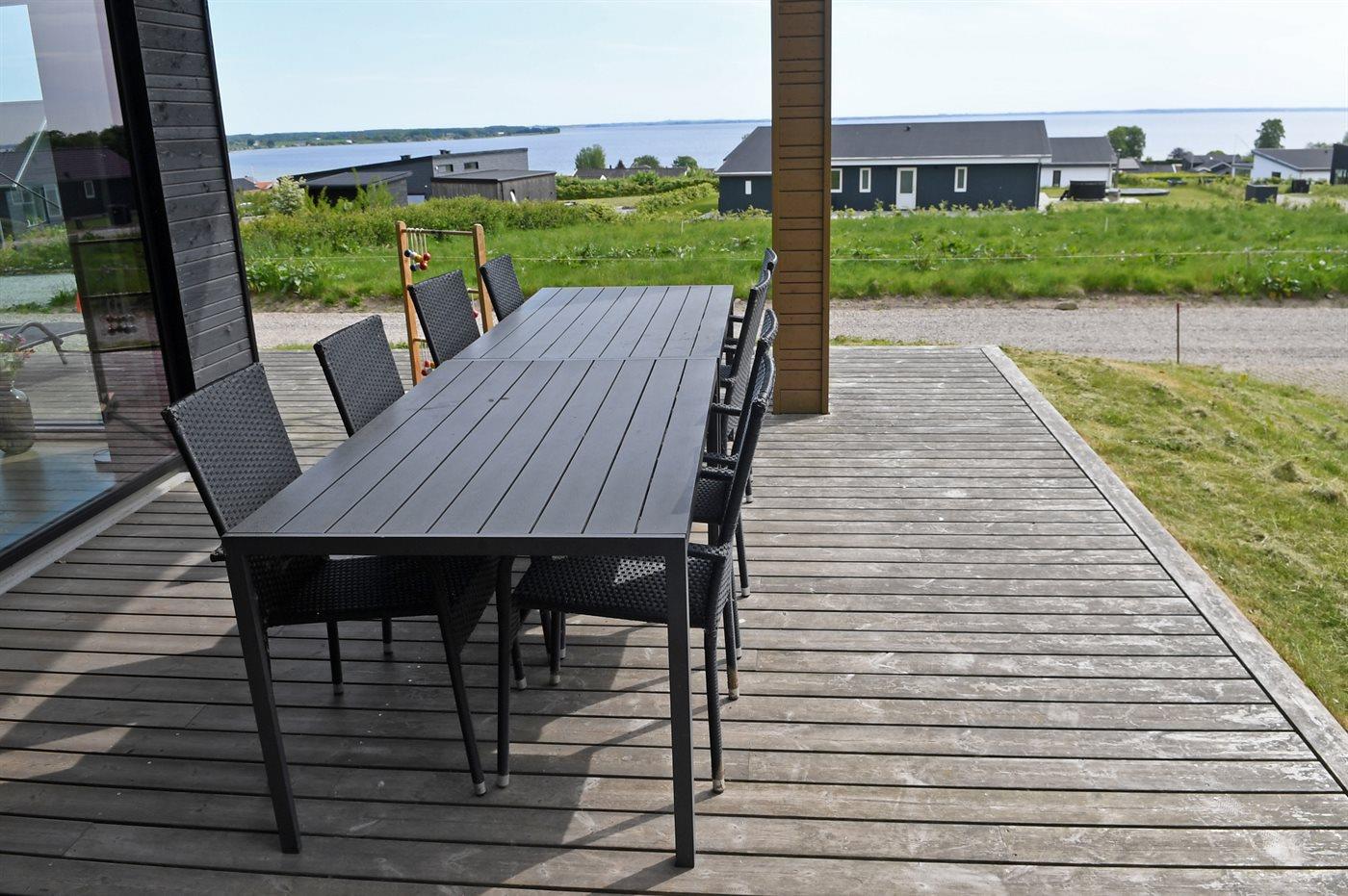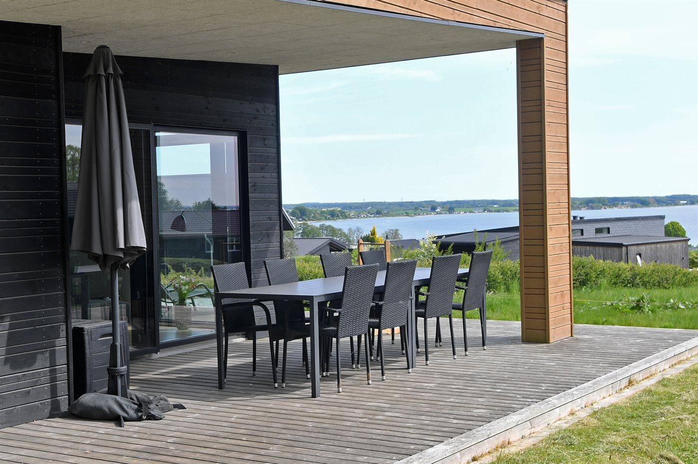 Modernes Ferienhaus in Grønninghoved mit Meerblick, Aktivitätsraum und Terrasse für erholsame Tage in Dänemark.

--

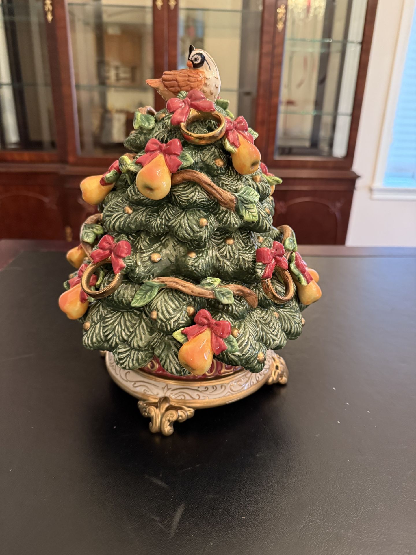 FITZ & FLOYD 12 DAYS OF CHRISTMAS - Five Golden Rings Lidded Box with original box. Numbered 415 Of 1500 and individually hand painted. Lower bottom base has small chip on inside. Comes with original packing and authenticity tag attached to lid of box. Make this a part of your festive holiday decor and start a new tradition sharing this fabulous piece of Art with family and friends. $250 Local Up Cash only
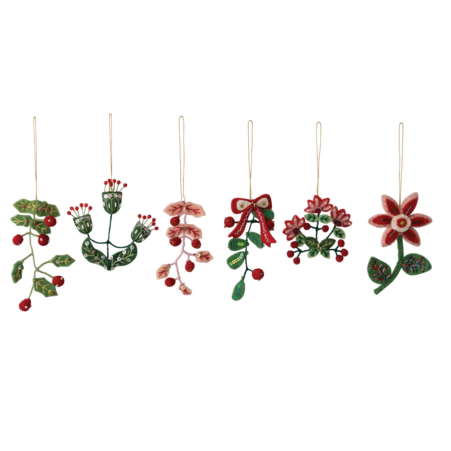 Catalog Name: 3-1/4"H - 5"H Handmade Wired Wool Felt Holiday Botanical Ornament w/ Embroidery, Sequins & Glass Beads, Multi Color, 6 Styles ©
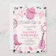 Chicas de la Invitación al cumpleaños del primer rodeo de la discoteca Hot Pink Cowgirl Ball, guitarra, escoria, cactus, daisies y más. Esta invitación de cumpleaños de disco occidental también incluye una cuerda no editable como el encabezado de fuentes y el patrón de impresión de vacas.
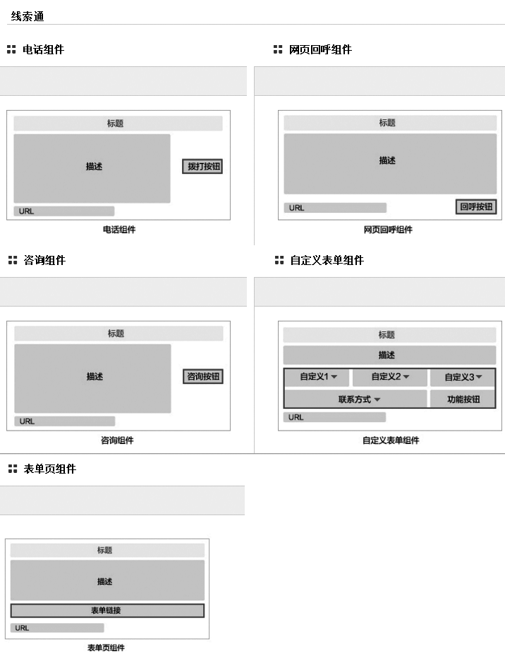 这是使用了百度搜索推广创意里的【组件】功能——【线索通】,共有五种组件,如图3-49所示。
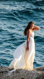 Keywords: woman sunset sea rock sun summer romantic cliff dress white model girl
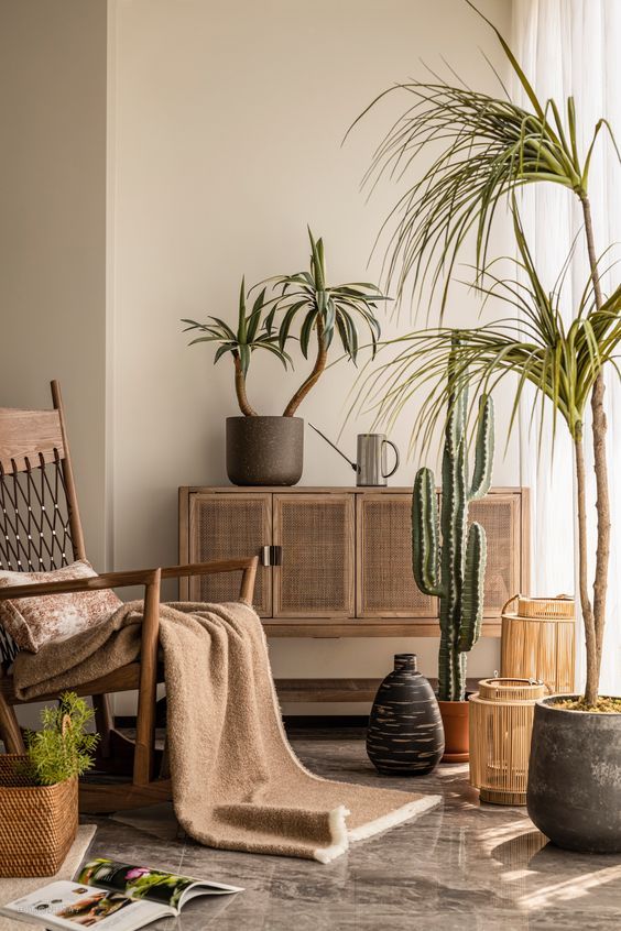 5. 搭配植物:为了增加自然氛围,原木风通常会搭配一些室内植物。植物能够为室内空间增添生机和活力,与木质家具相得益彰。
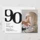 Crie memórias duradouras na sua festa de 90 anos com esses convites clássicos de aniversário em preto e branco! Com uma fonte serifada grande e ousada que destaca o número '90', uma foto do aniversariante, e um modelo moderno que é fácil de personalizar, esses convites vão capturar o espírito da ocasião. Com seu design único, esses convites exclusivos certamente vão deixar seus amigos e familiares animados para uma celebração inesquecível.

About this task: Transcribe the lines above exactly, beginning at the one with "这是使用了百度搜索推广创意里" and ending at the one with "Crie memórias duradouras". Include both; exclude the pictures.

Output below:
 这是使用了百度搜索推广创意里的【组件】功能——【线索通】,共有五种组件,如图3-49所示。
 Keywords: woman sunset sea rock sun summer romantic cliff dress white model girl
 5. 搭配植物:为了增加自然氛围,原木风通常会搭配一些室内植物。植物能够为室内空间增添生机和活力,与木质家具相得益彰。
 Crie memórias duradouras na sua festa de 90 anos com esses convites clássicos de aniversário em preto e branco! Com uma fonte serifada grande e ousada que destaca o número '90', uma foto do aniversariante, e um modelo moderno que é fácil de personalizar, esses convites vão capturar o espírito da ocasião. Com seu design único, esses convites exclusivos certamente vão deixar seus amigos e familiares animados para uma celebração inesquecível.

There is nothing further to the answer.